Cake	Control			Optimized
	1	7	14	1	7	14
Peroxide-value (m Eq Kg−1)	1.52 ± 0.10Ba	3.44 ± 0.51Aa	3.80 ± 0.36Aa	1.02 ± 0.04Cb	2.73 ± 0.22Bb	3.09 ± 0.07Aa
Hardness (N)	1.80 ± 0.44Aa	1.19 ± 0.07Ba	1.44 ± 0.13Ab	0.84 ± 0.22Ba	2.55 ± 0.46Aa	2.66 ± 0.13ABa
Moisture (%)	18.56 ± 0.54Ab	16.00 ± 0.58Bb	12.63 ± 0.12Ca	21.30 ± 0.41Aa	17.78 ± 0.1Ba	12.78 ± 0.02Ca

Different capital letters in each row indicate a significant difference at the level of 5% during storage of each sample

Different small letters in each row indicate a significant difference at 5% level between control and the optimal sample on one day

The hardness of the optimized gluten-free cake increased over storage time (Table 5). The hardness of the control cake raised from an initial level of 1.19–1.80 g at 7th day, but declined and reached to the level of 1.44 at 14th days of storage. On the contrary, the fresh optimized cake had slightly lower hardness than the control cake at the beginning, while during storage period and at the end of storage, its value increased to the maximum level (2.66 N), which was significantly higher than control ones.
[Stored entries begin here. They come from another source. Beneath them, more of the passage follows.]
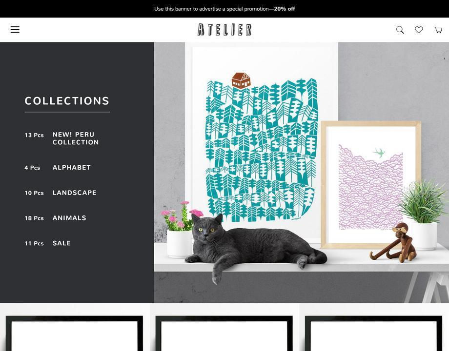 Atelier is truly one of a kind. Its cutting-edge design and high-class editorial feel are like no other theme on the market. Guaranteed to make your business stand out online, Atelier puts a premium on stunning, full-width imagery, with a unique navigation menu and gorgeous homepage product grid. It's the definition of style.
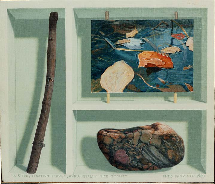 "A Stick; Floating Leaves; and a Really Nice Stone" 1989 --acrylic-- c. 9" x 12"
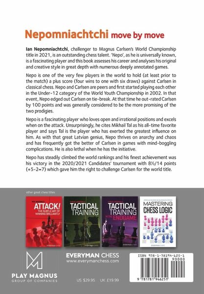 Ian Nepomniachtchi, challenger to Magnus Carlsen's World Championship title in 2021, is an outstanding chess talent. "Nepo" as he is universally known is a fascinating player and this book assesses his career and analyses his original and creative style in great depth with numerous deeply annotated games. Nepo is one of the very few players in the world to hold (at least prior to the match) a plus score (four wins to one with six draws) against Carlsen in classical chess. Nepo and Carlsen are peers and first started playing each other in the Under-12 category of the World Youth Championship in 2002. In that event, Nepo edged out Carlsen on tie-break. At that time he out-rated Carlsen by 100 points and was generally considered to be the more promising of the two prodigies. Nepo is a fascinating player who loves open and irrational positions and excels when on the attack. Unsurprisingly, he cites Mikhail Tal as his all-time favorite player and says Tal is the player who has exerted the greatest influence on him. As with that great Latvian genius, Nepo thrives on anarchy and chaos and has frequently got the better of Carlsen in games with mind-boggling complications. He is also lethal when he has the initiative. Nepo has steadily climbed the world rankings and his finest achievement was his victory in the 2020/2021 Candidates' tournament with 8¿/14 points (+5-2=7) which gave him the right to challenge Carlsen for the world title. Cyrus Lakdawala is an International Master, a former National Open and American Open Champion, and a six-time State Champion. He has been teaching chess for over 40 years, and coaches some of the top junior players in the U.S.
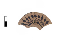 | Description: | Single fragment of shoulder and start of wall. Slight offset at junction with neck. Row of tongues and hanging lotus buds. Sharp angle at junction with wall. Wall black glaze with added red double line at top. Fine orange fabric; shiny black glaze. | |
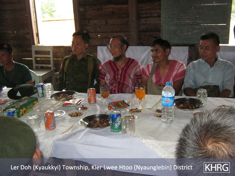 The KNU 3rd Brigade leaders who went to meet the villagers did not wear soldiers' uniforms and did not bring weapons. They wore Karen traditional shirts and went to one village after another, and a group of villagers travelled with them to one village after another village. There were 15 leaders of the KNU 3rd Brigade who were travelling, and there would be over one hundred people, including villagers, who went with them. The villagers got an opportunity to report and talk about their opinions and ideas in all meetings. In the meeting in Da La Say village tract, Thay Plaw Tah village, the village head reported that: "Because of the battles over 60 years, the villagers are getting poorer and have become refugees. A lot of people have to go and be slaves in other countries, so we need lasting peace for our new generation in the future. Currently, there is [only a] ceasefire and our villagers do not feel there is enough peace, so we hope to gain lasting peace in our country."
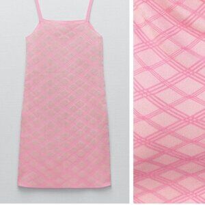 NWT. Zara Pink Diamond Pattern Knit Mini Dress
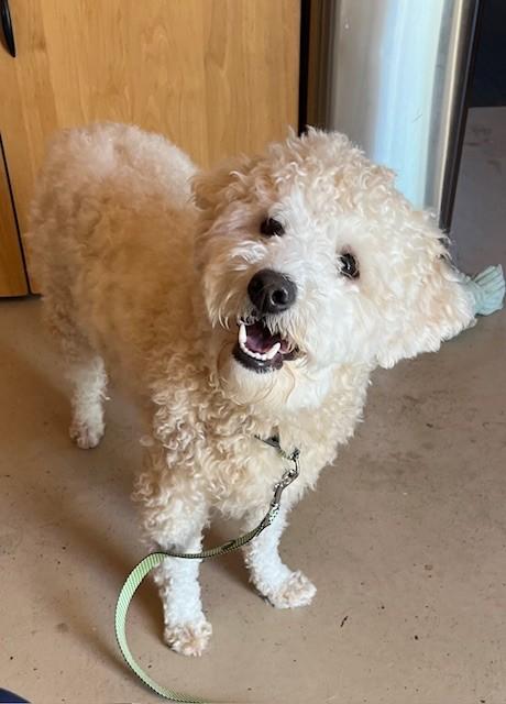 Wally is an 18-month-old mini-Goldendoodle with a playful spirit and a heart full of love. This curly-coated cutie is not just adorable—he’s also smart! Wally knows his basic commands like sit, stay, down, and leave it, and he’s eager to please.
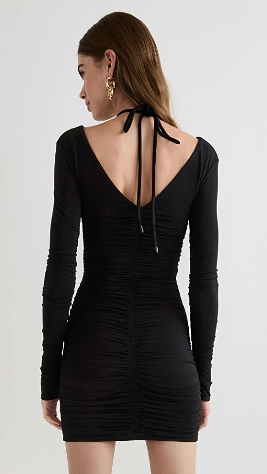 A classic piece for a special occasion, this black A.L.C. mini dress features allover ruching that enhances its figure-hugging fit, plus a deep-V neckline with halter ties.
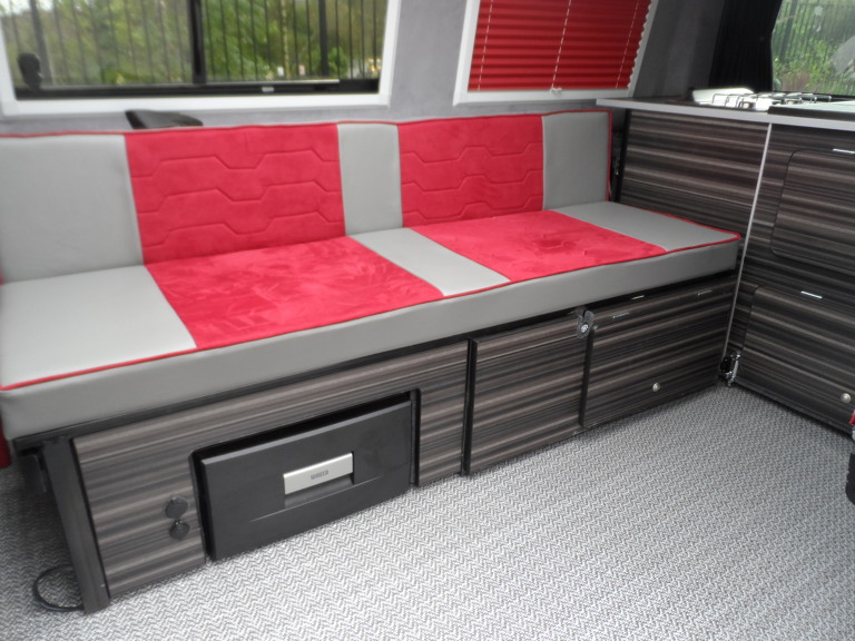 At TOC Trim, we specialise in creating campervan interiors that balance bold design with practical comfort. Our latest VW T5 project features a striking red and grey leather interior, crafted with precision and durable materials—perfect for a van that’s ready to travel as far as you are.
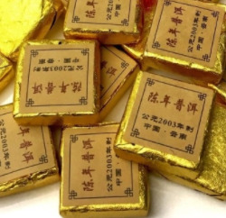 Шу Пуэр (черный) Юньнаньский Золотой Брикет 2003 в Подарочном мешочке. Урожай 2003 года. Изготовлен в 2018 году на фабрике Yunnan Runxiu Tea Industry Co.,Ltd. Хороший чай поступает из хорошего места происхождения. Это изысканый пуэр изготавливается из **почек и крупных листьев, что позволяет получить ЧА ЦИ. Вкусный и ароматный пуэр выделяется своим богатым вкусом и бесконечным сладким послевкусием**. Настой "Золотого брикета" имеет корчневый "шоколадный" оттенок. Многогранность вкуса и тонизирующий эффект в большей мере раскрывается при настаивании. В заваренном пуэре раскрывается древесный аромат со сладкими нотами чернослива. Вкус плотный с приятным карамельным послевкусием. Чай обладает всеми полезными для организма качествами: нормализует работу ЖКТ, улучшает обмен веществ, выводит токсины, снижает аппетит, тонизирует**.** Способствует похуданию. Юньнаньский Золотой Брикет 2003 способен для вас открыть Шу пуэр по новому и подарить яркое чайное состояние. Пейте с удовольствием!

The peroxide values of the samples presented in Table 5, revealed the range of 10–20 m Eq Kg⁻¹. Since rancidity more than 20 m Eq Kg⁻¹is undesirable for consumers (Chahartagh et al. 2017), therefore food is acceptable in term of rancidity. The control and the gluten-free cakes did not show any significant difference in terms of peroxide value at first day of storage. However, the peroxide value of the gluten-free cakes was less than the control ones. The peroxide value of the samples was significantly different at seventh and fourteenth days of storage time and the gluten-free cake showed lower peroxide values than the control cake. Thus, this type of enrichment was suitable for control of rancidity during storage time.

Conclusion

The present study showed that the addition of PSP and TGE into gluten-free cake formulation had a positive effect on the porosity, fiber and ash contents and improved the textural and sensory properties. On the other hand, the independent variables decreased volume, specific volume, and L* value of the crust and crumb of the product. Finally, optimization process was performed and the best formulation containing 25.75% PSP and 0.97% TGE was obtained. The sensory evaluations indicated that the overall acceptability of the improved cakes was higher than the control ones. The enriched gluten-free and the control cakes during storage time showed significant and non-significant differences between control and the optimized cakes regarding the peroxide value and moisture content, respectively.